DENVER – Jake McCarthy came to the plate in the bottom of the ninth, the bases loaded, with a chance to get the Colorado Rockies back in the game.
He did more than give them a chance – his bases-clearing triple delivered a 3-2 walk-off win against Aroldis Chapman, one of the best closers in baseball.
“That was surreal. It still hasn’t sunk in,” said McCarthy, soaked after a Powerade shower from his teammates. “Off a great pitcher like that, it all happened pretty fast.”
McCarthy became the sixth player in the Divisional Era (since 1969) to hit a walk-off triple when trailing by two runs, and the first since Grady Sizemore in 2006.

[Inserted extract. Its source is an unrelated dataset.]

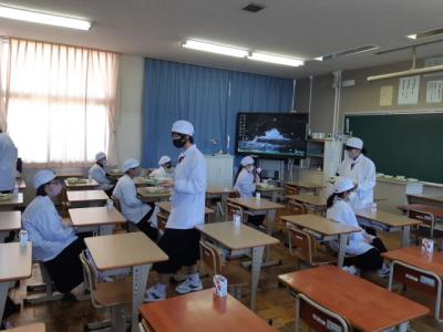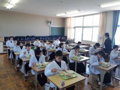 ※ 1年生は44人なので教室と隣の会議室とに分かれて給食を食べています。「いただきます。」も

Walk-off triples when trailing by 2 runs, Divisional Era (1969):
6/22/26 Jake McCarthy
8/11/06 Grady Sizemore
9/26/87 Juan Beníquez
4/14/80 Dave Collins
9/3/71 Manny Mota
5/29/71 Joe Torre
The Rockies finished the game with seven straight singles before McCarthy's triple. They're the first team since at least 1961 — the Expansion Era — with hits in each of their final eight plate appearances of a game, according to the Elias Sports Bureau.
“Eight straight hits to end the ballgame against two world-class pitchers, [Garrett] Whitlock and Chapman,” manager Warren Schaeffer said. “They don’t quit. We’ve been saying it all year: we fight till the end, and tonight we got rewarded for it.”

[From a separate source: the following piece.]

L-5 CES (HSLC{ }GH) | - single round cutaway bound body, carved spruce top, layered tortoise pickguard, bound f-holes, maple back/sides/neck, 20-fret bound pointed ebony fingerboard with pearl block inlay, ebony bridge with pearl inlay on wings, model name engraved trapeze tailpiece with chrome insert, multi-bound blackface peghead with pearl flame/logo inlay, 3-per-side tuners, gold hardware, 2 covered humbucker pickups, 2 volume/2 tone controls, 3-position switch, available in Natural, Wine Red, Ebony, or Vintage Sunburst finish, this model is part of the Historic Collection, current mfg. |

Colorado couldn’t muster a run through eight innings but used the dramatic rally to overcome a dominant six innings by Boston rookie Jake Bennett. He struck out nine and didn’t walk a batter, controlling the Rockies through 72 pitches and outdueling Ryan Feltner.

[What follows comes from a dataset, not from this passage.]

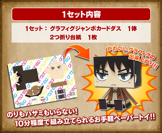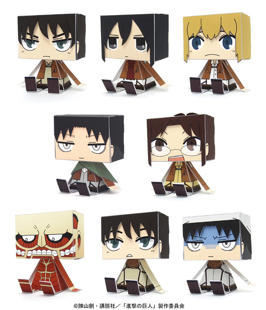 日本近年來相當流行「四角紙模公仔」。這是一種摺紙公仔,角色千變萬化,但是都有共同的四角大頭與坐姿,既可享受手作樂趣,蒐藏起來又相當輕便有成就感。在日本甚至還有專屬的投幣式販售機專門銷售,看來市場十分看好喔!graphig與萬代自從合作推出影子欄球員後,近日再推出「進擊的巨人」四角紙模。一共推出8款,其中光是里維就包辦兩款,難道人氣已經幹掉主角與巨人了嗎?每款角色高約6.5公分,日幣售價200圓,預計本月底於日本推出,提供給大家參考!

“The starter was humming tonight. He was really good,” McCarthy said of Bennett. “He had a couple of fastballs that played at the top, he mixed in his offspeed – that guy’s really good. It was a good sign to see him get out of the game.”
Neither pitcher gave up a run through five innings but the Red Sox got to Feltner for two runs in the sixth.
The right-hander had a shaky start – he walked three of the first seven batters he faced – before settling in and retiring 13 in a row ahead of Boston’s two-out rally.
“He was outstanding,” Schaeffer said. “He settled in, started pounding the strike zone. It was great.”
It looked like Feltner would take the loss after Colorado squandered a chance in the eighth. With one out the Rockies hit four straight singles off Whitlock but were still trailing 2-0 after Edouard Julien was thrown out at home and Willi Castro was cut down at second to end the inning.
But their resiliency came through in the ninth.
TJ Rumfield, the NL Rookie of the Month in May, started the rally with a single to left on an 0-2 count. Hunter Goodman followed with another single and rookie Cole Carrigg bunted up the third-base line, beating the throw to first.
“You saw the inning before, what was it, five straight line drives off a good pitcher?” McCarthy said. “Rumfield staying on a slider when a guy's throwing 101 mph, Goody, Carrig getting the bunt down – two of them are rookies. Those are poised at-bats. If they roll over and die I don’t even get an at-bat.”
McCarthy, who had an inside-the-park home run Saturday night against Pittsburgh, lined a 99.6 mph sinker past the diving Caleb Durbin at third base. The ball bounced off the wall and eluded Jarren Duran as Carrigg raced around the bags and easily scored to give Colorado a walk-off win.
“I was watching from the training room,” Feltner said. “It was super cool to see us string those hits together. The bunt by Carrigg was huge, and Jake finishing it off with that hit down the line, it was a pretty sweet way to end the game.”